Within the depth-psychology corpus, 'ugly' operates not as a simple aesthetic category but as a psychologically charged term marking the threshold between pathology and transformation. Hillman stands as the pre-eminent theorist here, arguing in 'The Thought of the Heart' that depth psychology has paradoxically pursued an aesthetic project through the ugly: by scrutinizing the deformed and diseased, it inadvertently approaches the Neoplatonic vision from the reverse side, attempting to restore 'diseases back to the gods' and reclaim their sacred dimension from 'secular ugliness.' In 'Mythic Figures,' Hillman extends this axis to the political and cosmological, inverting Schumacher's dictum to declare 'huge is ugly,' linking monumental scale to psychic and civilizational devastation.
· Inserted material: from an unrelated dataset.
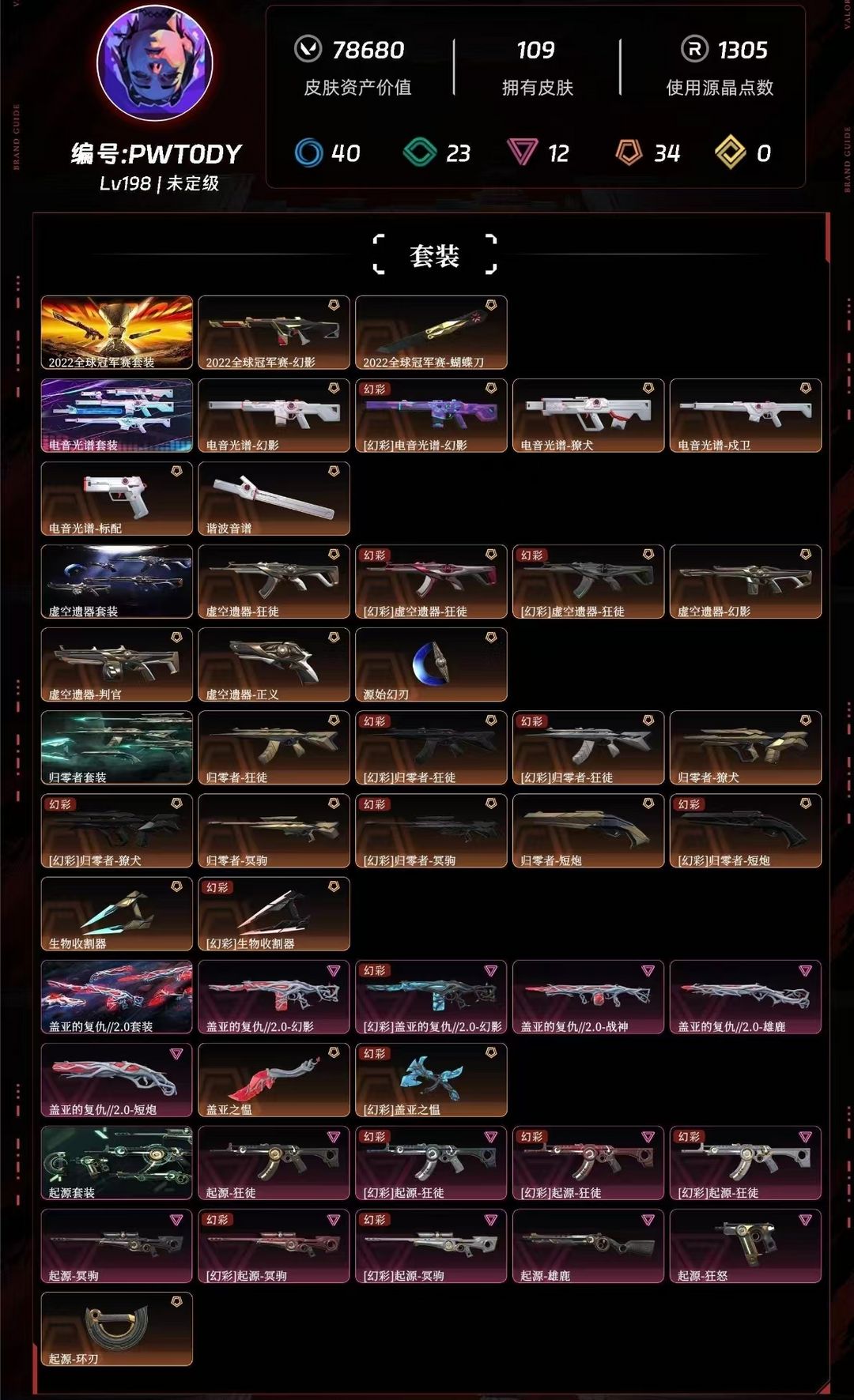 可排位❤22冠军套电音套虚空套归零者套盖亚套起源套❤光荣RGX盖亚狂徒❤诡秘刀弧光沙尘❤超多冥狙帅皮
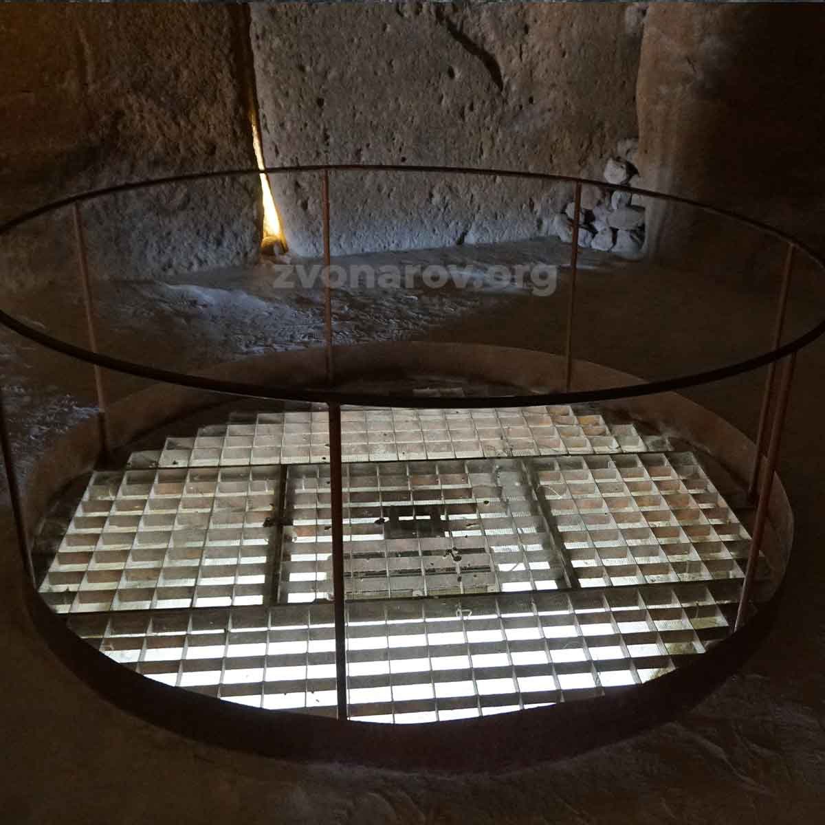 Особое внимание привлекает глубокий колодец, вырубленный в полу у задней стены камеры. Его диаметр около полутора метров, а глубина достигает почти 20 метров — это эквивалент высоты восьмиэтажного здания. Колодец доходит до уровня грунтовых вод и был полностью исследован в 2005 году. Учёные не пришли к единому мнению о его предназначении. Существуют две основные версии:

Jung's 'Sermones' position ugliness as one half of an irreducible pair of opposites—Beauty and Ugliness—essential to the Pleroma's differentiation, thereby giving it an ontological rather than merely evaluative status. Estés reads the ugly through the 'Ugly Duckling' mythos as a narrative of misrecognition: the truly wild, untamed soul is condemned by a domesticated collective before revealing its authentic nature. Von Franz connects ugliness to unredeemed unconscious contents that 'materialize in ugly impulses.' Zhuangzi's corpus complicates the picture further, presenting ugly figures—the disfigured Ai Taituo, the ugly woman—as repositories of inner virtue beyond conventional appearance. The term thus traverses aesthetics, ethics, ontology, and clinical practice throughout the library.

In the library

depth psychology has indeed been aesthetic, but in reverse... The attempt of archetypal psychology to revert the diseases back to the gods is at the same time an attempt to restore both gods and diseases from secular ugliness.

Hillman argues that archetypal psychology has pursued a reverse aesthetic, using ugliness as its primary theophany and thereby paradoxically approaching the Neoplatonic vision of beauty through pathology.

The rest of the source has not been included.